Decreasing Sex Bias through Education for Parenthood or Prevention of Adolescent Pregnancy: A Developmental Model with Integrative Strategies

By Weinstein, Estelle; Rosen, Efrem | Adolescence, Fall 1994 | Go to article overview

Decreasing Sex Bias through Education for Parenthood or Prevention of Adolescent Pregnancy: A Developmental Model with Integrative Strategies


Weinstein, Estelle, Rosen, Efrem, Adolescence


INTRODUCTION

Unintended adolescent pregnancy and parenthood are among the more insidious problems of society today. Many types of services including advocacy, education, and prevention that emphasize birth control and prenatal care have been developed in response to this problem. However, in general, these services address only the needs of teenage females (Foster & Miller, 1980; Leashore, 1979).

The advantages of offering services for women are obvious, and much of the research demonstrates better outcomes for women who use them effectively. What has not been well studied are the effects of teenage pregnancy and parenthood on the young father, and the value that education and services might have if they were as available to teenage males (Chilman, 1980; Earls & Siegel, 1980).

Most young women grow up with consistent societal messages and experiences that reinforce the importance of learning skills for the role of motherhood. Even today, when options for careers have expanded so dramatically for women, the early messages, subliminal or overt, are so powerful, "successful" women want to and expect to "have it all"--a career and children. At the same time young men are being encouraged to perform their role as father with more physical and emotional involvement than ever before, but their primary role remains that of "breadwinner."

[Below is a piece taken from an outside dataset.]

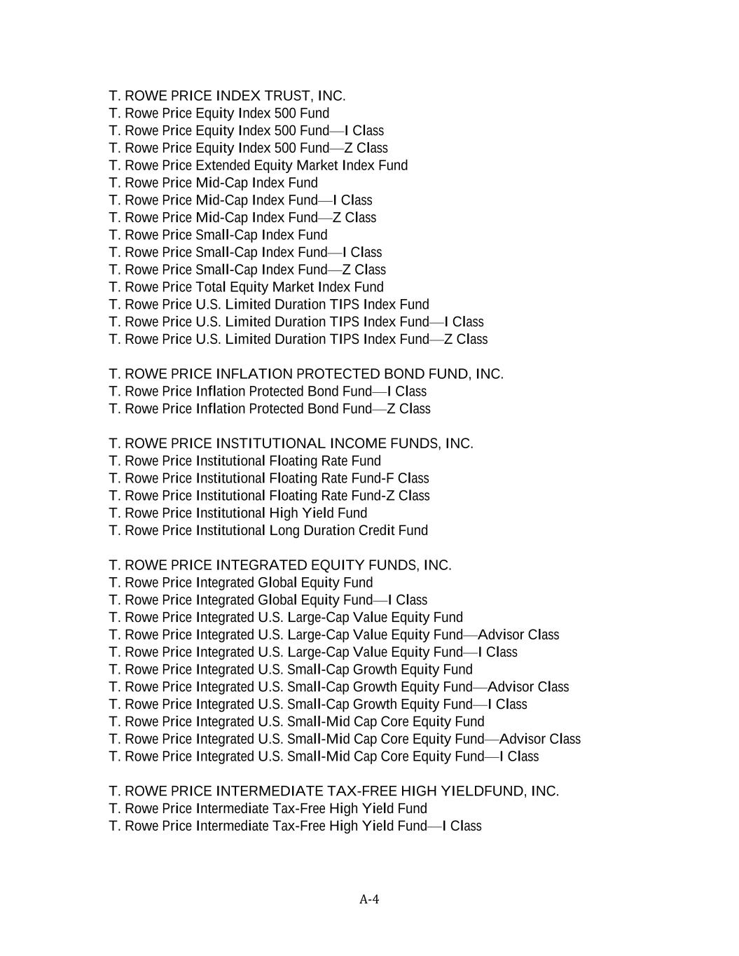 A-4 T. ROWE PRICE INDEX TRUST, INC. T. Rowe Price Equity Index 500 Fund T. Rowe Price Equity Index 500 Fund—I Class T. Rowe Price Equity Index 500 Fund—Z Class T. Rowe Price Extended Equity Market Index Fund T. Rowe Price Mid-Cap Index Fund T. Rowe Price Mid-Cap Index Fund—I Class T. Rowe Price Mid-Cap Index Fund—Z Class T. Rowe Price Small-Cap Index Fund T. Rowe Price Small-Cap Index Fund—I Class T. Rowe Price Small-Cap Index Fund—Z Class T. Rowe Price Total Equity Market Index Fund T. Rowe Price U.S. Limited Duration TIPS Index Fund T. Rowe Price U.S. Limited Duration TIPS Index Fund—I Class T. Rowe Price U.S. Limited Duration TIPS Index Fund—Z Class T. ROWE PRICE INFLATION PROTECTED BOND FUND, INC. T. Rowe Price Inflation Protected Bond Fund—I Class T. Rowe Price Inflation Protected Bond Fund—Z Class T. ROWE PRICE INSTITUTIONAL INCOME FUNDS, INC. T. Rowe Price Institutional Floating Rate Fund T. Rowe Price Institutional Floating Rate Fund-F Class T. Rowe Price Institutional Floating Rate Fund-Z Class T. Rowe Price Institutional High Yield Fund T. Rowe Price Institutional Long Duration Credit Fund T. ROWE PRICE INTEGRATED EQUITY FUNDS, INC. T. Rowe Price Integrated Global Equity Fund T. Rowe Price Integrated Global Equity Fund—I Class T. Rowe Price Integrated U.S. Large-Cap Value Equity Fund T. Rowe Price Integrated U.S. Large-Cap Value Equity Fund—Advisor Class T. Rowe Price Integrated U.S. Large-Cap Value Equity Fund—I Class T. Rowe Price Integrated U.S. Small-Cap Growth Equity Fund T. Rowe Price Integrated U.S. Small-Cap Growth Equity Fund—Advisor Class T. Rowe Price Integrated U.S. Small-Cap Growth Equity Fund—I Class T. Rowe Price Integrated U.S. Small-Mid Cap Core Equity Fund T. Rowe Price Integrated U.S. Small-Mid Cap Core Equity Fund—Advisor Class T. Rowe Price Integrated U.S. Small-Mid Cap Core Equity Fund—I Class T. ROWE PRICE INTERMEDIATE TAX-FREE HIGH YIELDFUND, INC. T. Rowe Price Intermediate Tax-Free High Yield Fund T. Rowe Price Intermediate Tax-Free High Yield Fund—I Class

Female adolescents seem to have somewhat more realistic views of childbearing and childrearing than do their male counterparts. This is probably the result of a variety of early childhood influences that support stereotypical behaviors such as the "mommy" games they were frequently encouraged to play, and the responsibilities they were assigned as caretakers of younger siblings in their family of origin. At the same time young men were often discouraged from "playing house" or encouraged to play the part of the "repairman" or "workman." As they grow older and seek their first employment, young women are offered baby-sitting jobs far more often than are young men. It is generally thought that teenage males are not mature enough, capable enough, or interested enough in providing responsible care for very young children. Their services are usually sought for older children, especially male children because of their assumed protective ability and interest in sports. Hence, this type of early job experience centers around their physical abilities. Thus, these early activities can be considered as "societal conditioning" wherein stereotypical behaviors expected of each sex as adults and as parents are developed and reinforced. Perhaps women then take on their roles as the primary caretakers and nurturers as part of a self-fulfilling prophecy. But how do males, especially as teenagers, learn how to be parents in other than stereotypical male breadwinner-type ways? And, more importantly, how do they learn responsibility in the prevention of pregnancy when they have little or no experience with the reality of parenting? Perhaps even those males who try to avoid unintended pregnancy do so only because their girlfriends insist or because their parents have "warned" them.

Teeange Males and Parenthood

The research literature on teen males and parenthood is sparse, ambiguous, and often contributes to stereotypical conceptualizations. Among the myths and misconceptions that are reinforced are that young men are irresponsible, ready to take sexual advantage of any female that will let them, and frequently are unwilling to take responsibility for, or participate in resolutions concerning unintended pregnancy. Yet, social service workers and other professionals who work with prospective teenage fathers have reported that these men are concerned about their female partners and their prospective children, intend to participate in child care, and provide financial support (Barrett & Robinson, 1982; Redmond, 1985; Westney, Cole, & Mumford, 1986). However, since their developmental stage and social situation frequently inhibit them from carrying out these good intentions, they are left with feelings of helplessness and lowered self-esteem.